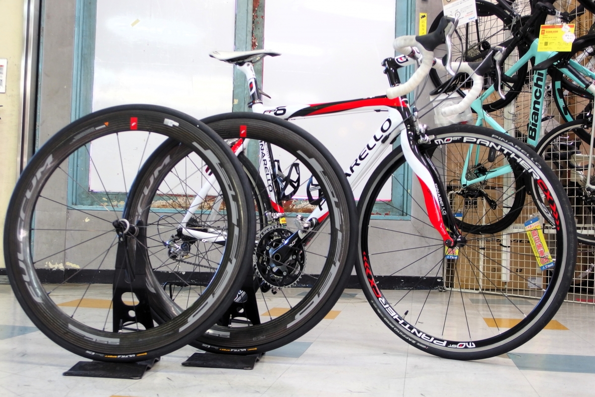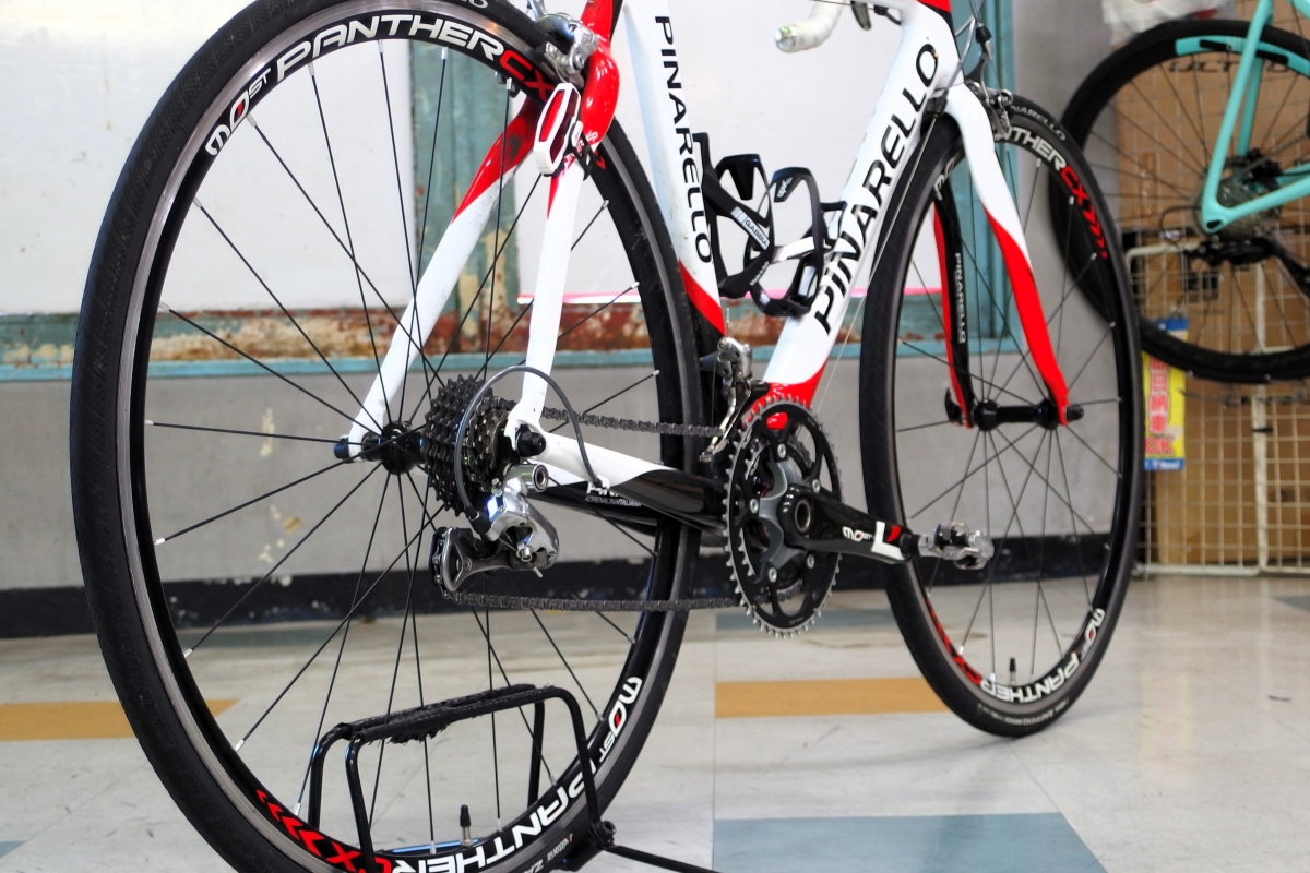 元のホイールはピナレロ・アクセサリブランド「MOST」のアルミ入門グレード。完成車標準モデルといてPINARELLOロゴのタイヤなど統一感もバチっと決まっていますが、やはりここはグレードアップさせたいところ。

◇ ◇ ◇ ◇ ◇ ◇ ◇

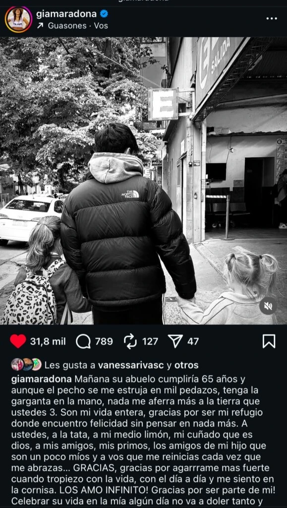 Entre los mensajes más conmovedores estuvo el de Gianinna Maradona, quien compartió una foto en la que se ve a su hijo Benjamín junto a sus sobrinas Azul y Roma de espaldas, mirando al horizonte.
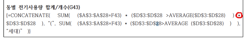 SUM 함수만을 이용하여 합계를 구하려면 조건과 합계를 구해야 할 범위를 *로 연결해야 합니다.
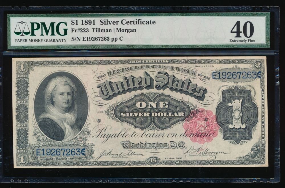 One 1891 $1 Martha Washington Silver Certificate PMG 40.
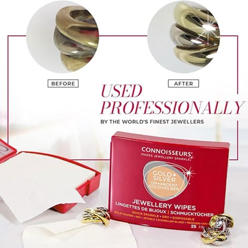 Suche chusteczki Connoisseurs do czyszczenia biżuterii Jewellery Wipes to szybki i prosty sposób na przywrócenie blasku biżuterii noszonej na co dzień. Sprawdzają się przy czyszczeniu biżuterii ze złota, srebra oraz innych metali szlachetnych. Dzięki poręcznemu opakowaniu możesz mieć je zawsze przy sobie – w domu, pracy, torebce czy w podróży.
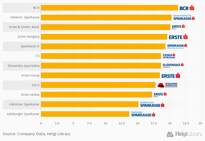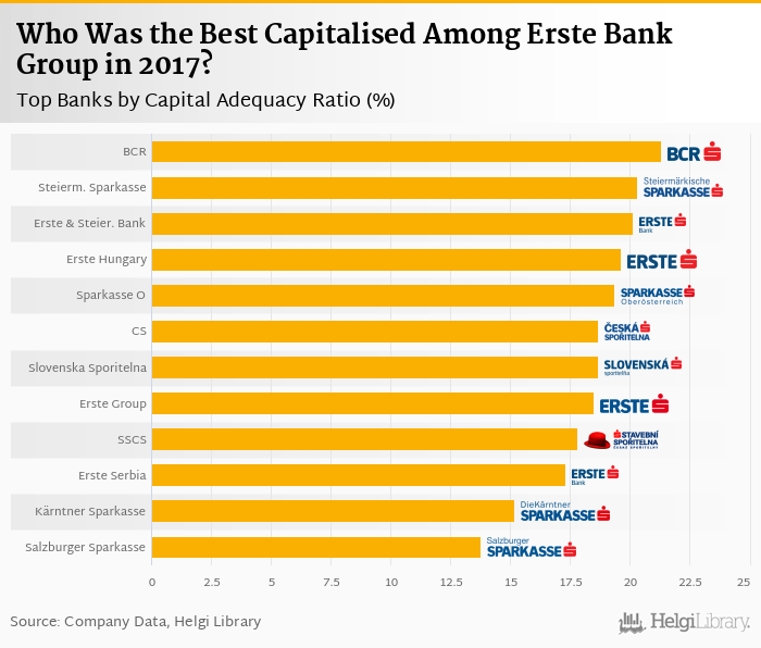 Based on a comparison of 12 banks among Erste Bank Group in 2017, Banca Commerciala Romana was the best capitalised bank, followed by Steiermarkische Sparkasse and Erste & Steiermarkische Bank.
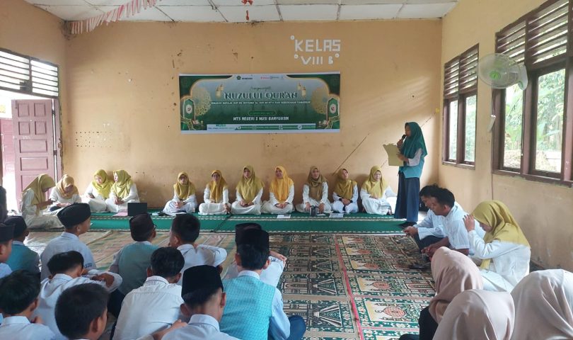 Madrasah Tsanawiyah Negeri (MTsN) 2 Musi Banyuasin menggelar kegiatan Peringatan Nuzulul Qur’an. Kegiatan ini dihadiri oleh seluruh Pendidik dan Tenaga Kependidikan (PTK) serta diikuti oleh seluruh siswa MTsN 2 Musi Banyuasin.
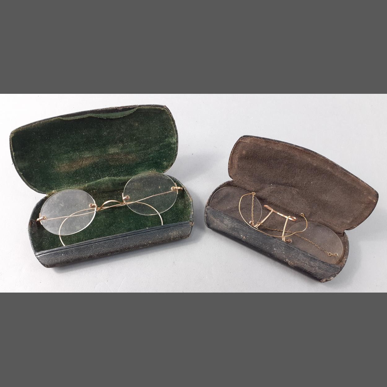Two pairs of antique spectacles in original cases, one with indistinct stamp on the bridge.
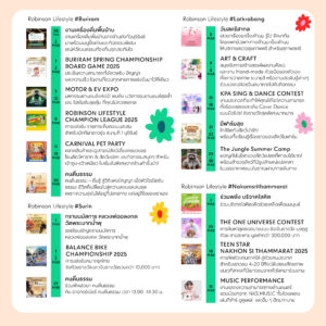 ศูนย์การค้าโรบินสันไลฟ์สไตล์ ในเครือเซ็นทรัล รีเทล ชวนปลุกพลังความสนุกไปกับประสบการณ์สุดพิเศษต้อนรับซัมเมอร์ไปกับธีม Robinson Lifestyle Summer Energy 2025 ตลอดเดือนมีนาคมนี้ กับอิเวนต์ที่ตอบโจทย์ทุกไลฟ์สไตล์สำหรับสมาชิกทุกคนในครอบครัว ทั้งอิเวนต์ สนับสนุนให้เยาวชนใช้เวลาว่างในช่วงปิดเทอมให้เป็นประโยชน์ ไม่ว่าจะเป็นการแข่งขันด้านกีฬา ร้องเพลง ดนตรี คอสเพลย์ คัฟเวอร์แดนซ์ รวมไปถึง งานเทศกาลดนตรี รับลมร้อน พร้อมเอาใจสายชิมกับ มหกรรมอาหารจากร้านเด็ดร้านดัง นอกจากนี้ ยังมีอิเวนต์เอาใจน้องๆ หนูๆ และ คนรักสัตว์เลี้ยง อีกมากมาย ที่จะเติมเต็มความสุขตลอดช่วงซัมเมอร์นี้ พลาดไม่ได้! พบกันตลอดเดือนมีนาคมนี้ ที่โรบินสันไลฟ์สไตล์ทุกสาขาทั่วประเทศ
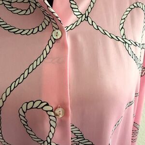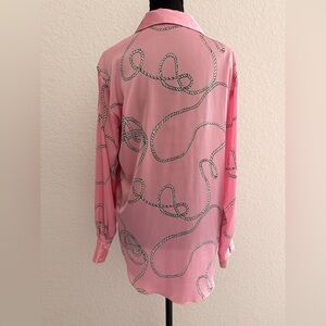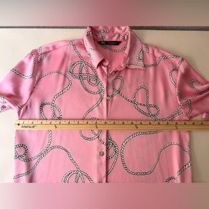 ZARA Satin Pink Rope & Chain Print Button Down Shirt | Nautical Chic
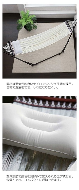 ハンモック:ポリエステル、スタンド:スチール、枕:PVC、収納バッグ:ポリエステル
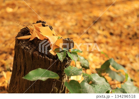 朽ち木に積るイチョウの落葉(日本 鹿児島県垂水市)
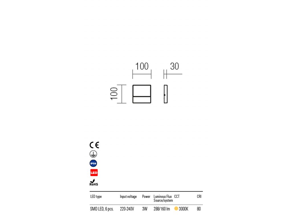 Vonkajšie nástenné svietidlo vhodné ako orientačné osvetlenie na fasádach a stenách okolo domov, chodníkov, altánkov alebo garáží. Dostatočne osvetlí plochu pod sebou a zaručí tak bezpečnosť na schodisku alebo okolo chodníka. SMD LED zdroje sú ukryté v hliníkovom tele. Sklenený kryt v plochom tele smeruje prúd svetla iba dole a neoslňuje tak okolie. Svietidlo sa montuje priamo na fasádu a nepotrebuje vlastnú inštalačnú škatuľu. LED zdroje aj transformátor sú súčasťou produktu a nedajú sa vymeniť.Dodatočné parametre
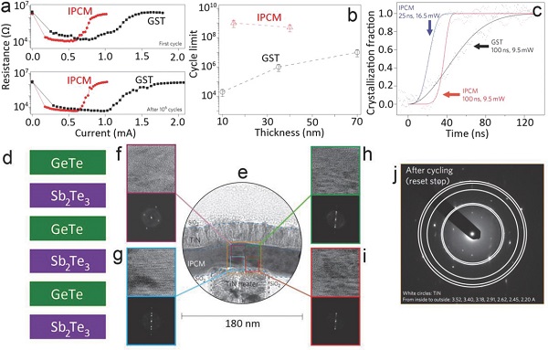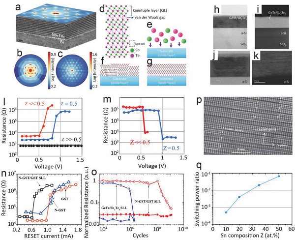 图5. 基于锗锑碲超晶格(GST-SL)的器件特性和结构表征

◇ ◇ ◇ ◇ ◇ ◇ ◇

* What is needed: The lines above from the line with "ハンモック:ポリエステル、ス" through the line with "朽ち木に積るイチョウの落葉(日本 鹿児島県垂水市)" are to be given again word for word, with no pictures among them.

* Output for this exercise:
 ハンモック:ポリエステル、スタンド:スチール、枕:PVC、収納バッグ:ポリエステル
 朽ち木に積るイチョウの落葉(日本 鹿児島県垂水市)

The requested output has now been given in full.